Input data -
------------------------------
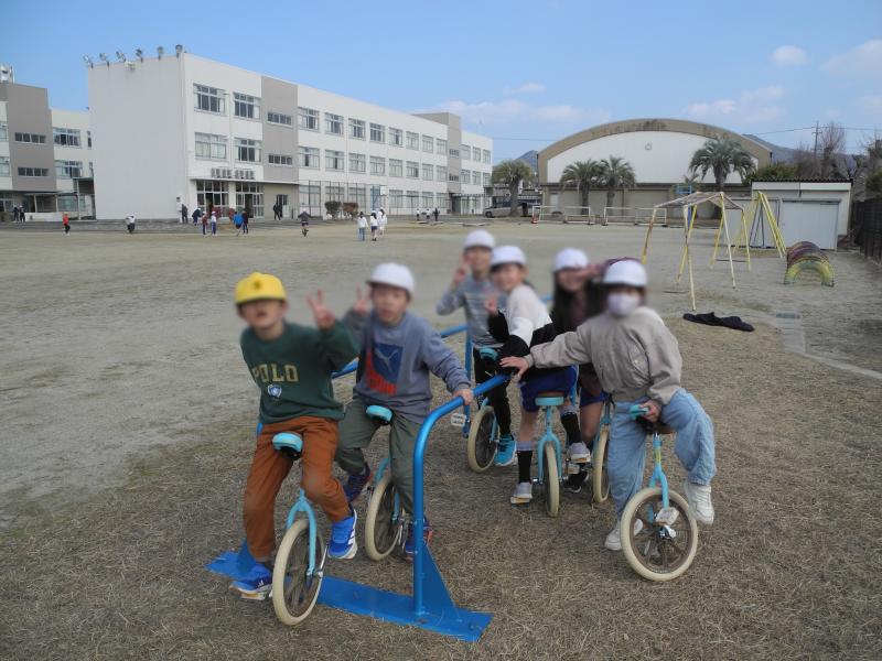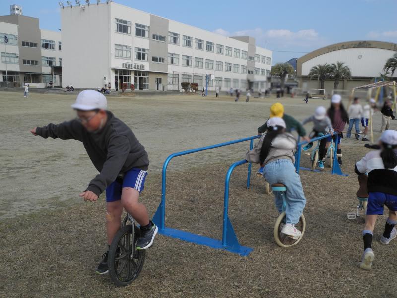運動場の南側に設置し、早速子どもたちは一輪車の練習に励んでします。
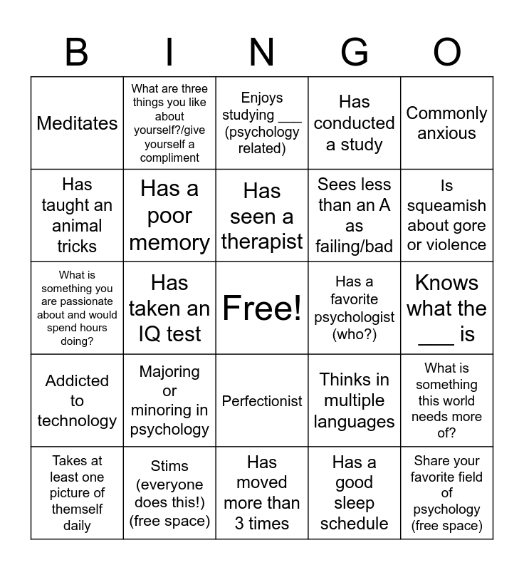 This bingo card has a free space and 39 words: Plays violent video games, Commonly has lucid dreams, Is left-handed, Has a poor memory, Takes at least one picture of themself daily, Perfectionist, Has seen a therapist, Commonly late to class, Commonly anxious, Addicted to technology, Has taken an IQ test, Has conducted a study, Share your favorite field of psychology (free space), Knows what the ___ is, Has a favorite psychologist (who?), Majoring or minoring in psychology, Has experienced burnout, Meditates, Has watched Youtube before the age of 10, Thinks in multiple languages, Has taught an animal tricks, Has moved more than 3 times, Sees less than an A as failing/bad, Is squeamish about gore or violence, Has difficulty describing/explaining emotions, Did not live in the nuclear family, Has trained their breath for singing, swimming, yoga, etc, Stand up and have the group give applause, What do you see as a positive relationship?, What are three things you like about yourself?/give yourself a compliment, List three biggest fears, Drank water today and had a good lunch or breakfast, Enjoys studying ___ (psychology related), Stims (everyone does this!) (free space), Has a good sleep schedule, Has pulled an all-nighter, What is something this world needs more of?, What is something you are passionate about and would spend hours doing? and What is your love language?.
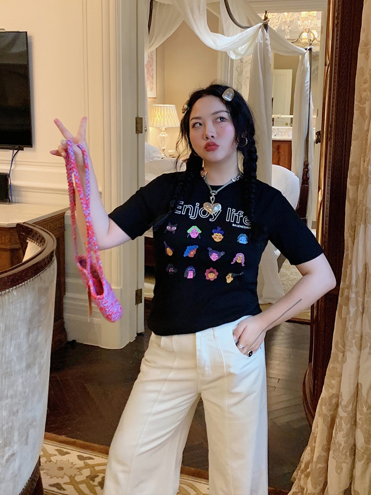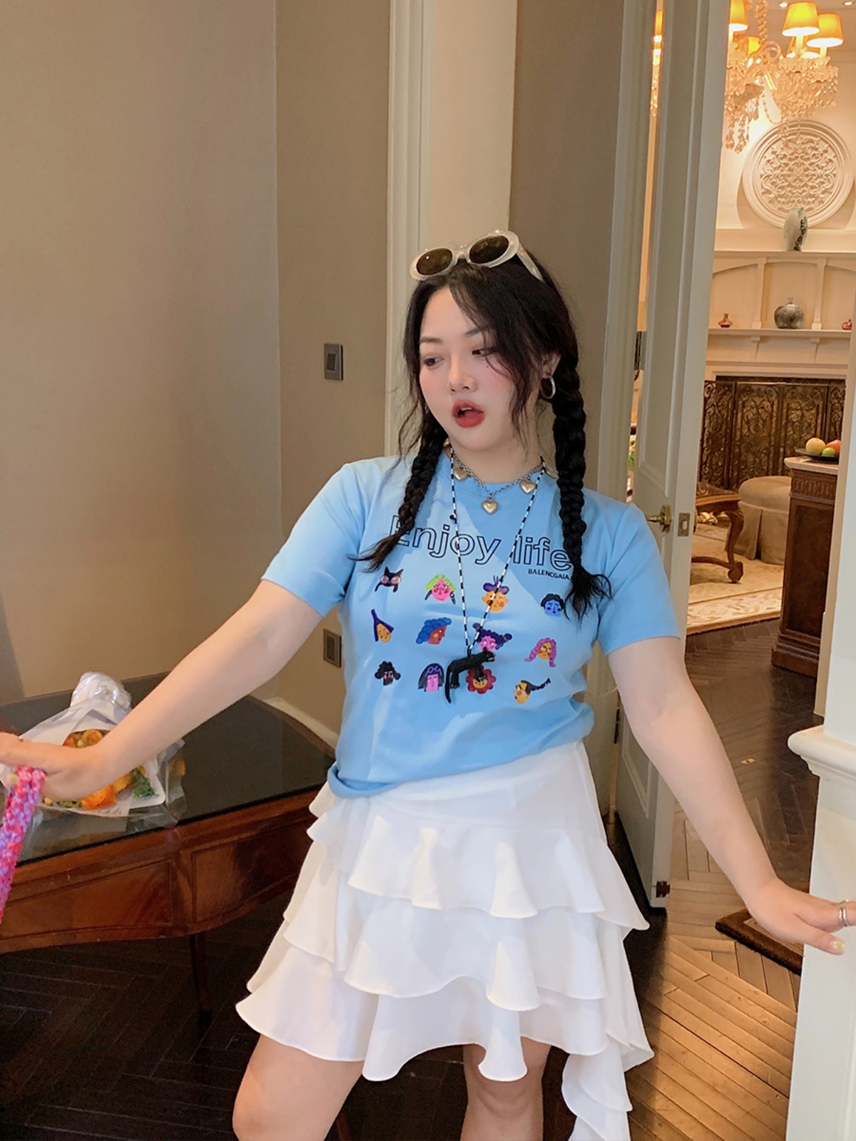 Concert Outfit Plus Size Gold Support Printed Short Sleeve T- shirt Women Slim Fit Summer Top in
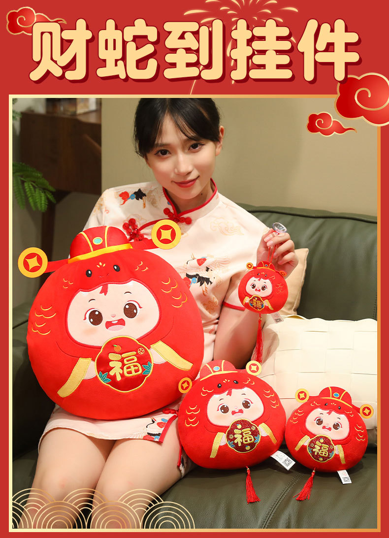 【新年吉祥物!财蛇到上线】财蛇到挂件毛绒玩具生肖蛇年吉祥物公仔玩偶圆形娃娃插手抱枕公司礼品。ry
------------------------------
Instructions for the task -
In your copy of the listing above, every line must match exactly and no picture may appear.

Result of the task -
運動場の南側に設置し、早速子どもたちは一輪車の練習に励んでします。
 This bingo card has a free space and 39 words: Plays violent video games, Commonly has lucid dreams, Is left-handed, Has a poor memory, Takes at least one picture of themself daily, Perfectionist, Has seen a therapist, Commonly late to class, Commonly anxious, Addicted to technology, Has taken an IQ test, Has conducted a study, Share your favorite field of psychology (free space), Knows what the ___ is, Has a favorite psychologist (who?), Majoring or minoring in psychology, Has experienced burnout, Meditates, Has watched Youtube before the age of 10, Thinks in multiple languages, Has taught an animal tricks, Has moved more than 3 times, Sees less than an A as failing/bad, Is squeamish about gore or violence, Has difficulty describing/explaining emotions, Did not live in the nuclear family, Has trained their breath for singing, swimming, yoga, etc, Stand up and have the group give applause, What do you see as a positive relationship?, What are three things you like about yourself?/give yourself a compliment, List three biggest fears, Drank water today and had a good lunch or breakfast, Enjoys studying ___ (psychology related), Stims (everyone does this!) (free space), Has a good sleep schedule, Has pulled an all-nighter, What is something this world needs more of?, What is something you are passionate about and would spend hours doing? and What is your love language?.
 Concert Outfit Plus Size Gold Support Printed Short Sleeve T- shirt Women Slim Fit Summer Top in
 【新年吉祥物!财蛇到上线】财蛇到挂件毛绒玩具生肖蛇年吉祥物公仔玩偶圆形娃娃插手抱枕公司礼品。ry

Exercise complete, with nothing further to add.